Ship of the line of the French Navy

Friedland was a 3rd rank, 90-gun built for the French Navy during the first decade of the 19th century. Completed in 1811, she played a minor role in the Napoleonic Wars.

==Description==
Designed by Jacques-Noël Sané, the Bucentaure-class ships had a length of 59.28 m, a beam of 15.27 m and a depth of hold of 7.64 m. The ships displaced 3,868 tonneaux and had a mean draught of 7.8 m. They had a tonnage of 2,034 port tonneaux. Their crew numbered 866 officers and ratings during wartime. They were fitted with three masts and ship rigged.

The muzzle-loading, smoothbore armament of the Bucentaure class consisted of thirty 36-pounder long guns on the lower gun deck and thirty-two 24-pounder long guns on the upper gun deck. The armament on the quarterdeck and forecastle varied as the ships' authorised armament was changed over the years that the Bucentares were built. Friedland was fitted with fourteen 12-pounder long guns and fourteen 36-pounder carronades.

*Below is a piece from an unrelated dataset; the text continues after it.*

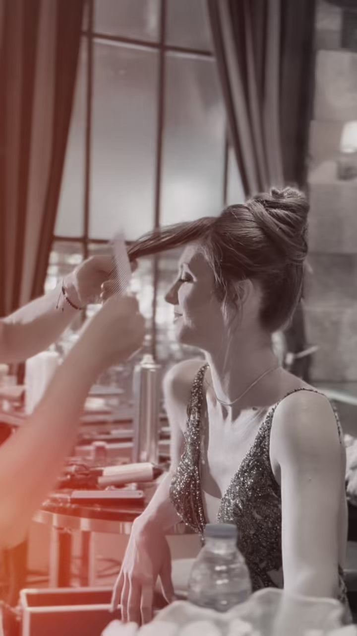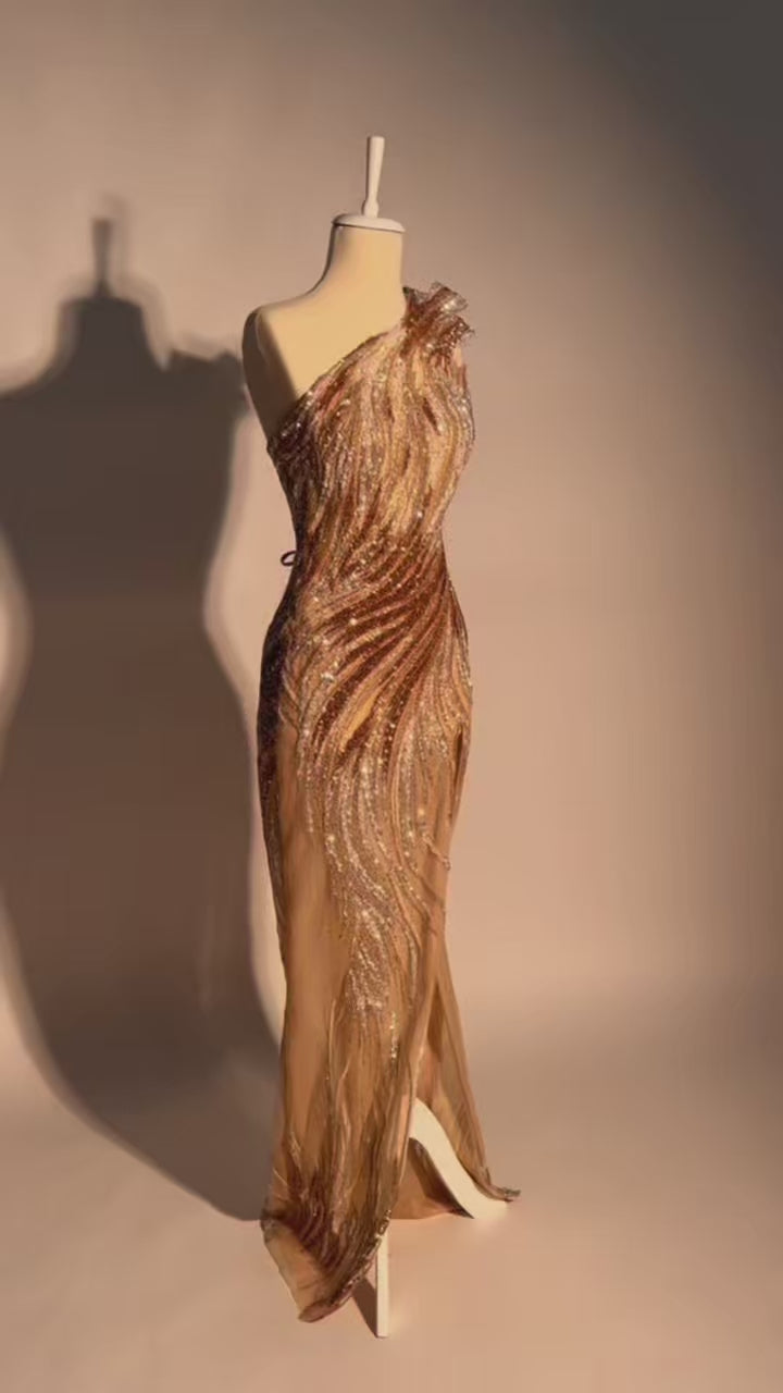 The top is corseted, with metal underwires and ties at the back. The lace, studded with sequins and beads in gold tones, follows the curves of the body in dynamic lines that create a sense of movement and sophistication. The high straight slit at the bottom adds sensuality and freedom, turning every step into an elegant dance.

== Construction and career ==
Friedland was ordered on 2 June 1807 as a 74-gun ship of the line with the name Illustre, but this was revised to an 90-gun ship on 9 July and the ship was renamed Friedland on 28 July. She was laid down that same month in Antwerp. Napoleon and his wife, Marie Louise, Duchess of Parma, attended her launching on 2 May 1810. Friedland was commissioned on 4 January 1811 by Captain Pierre-Marie Le Bozec and completed in May. The ship was assigned to the Scheldt Squadron in February 1812. She was transferred to the Royal Netherlands Navy as war reparations under the terms the Treaty of Fontainebleau of 1814. Renamed Vlaming, she was broken up in 1823.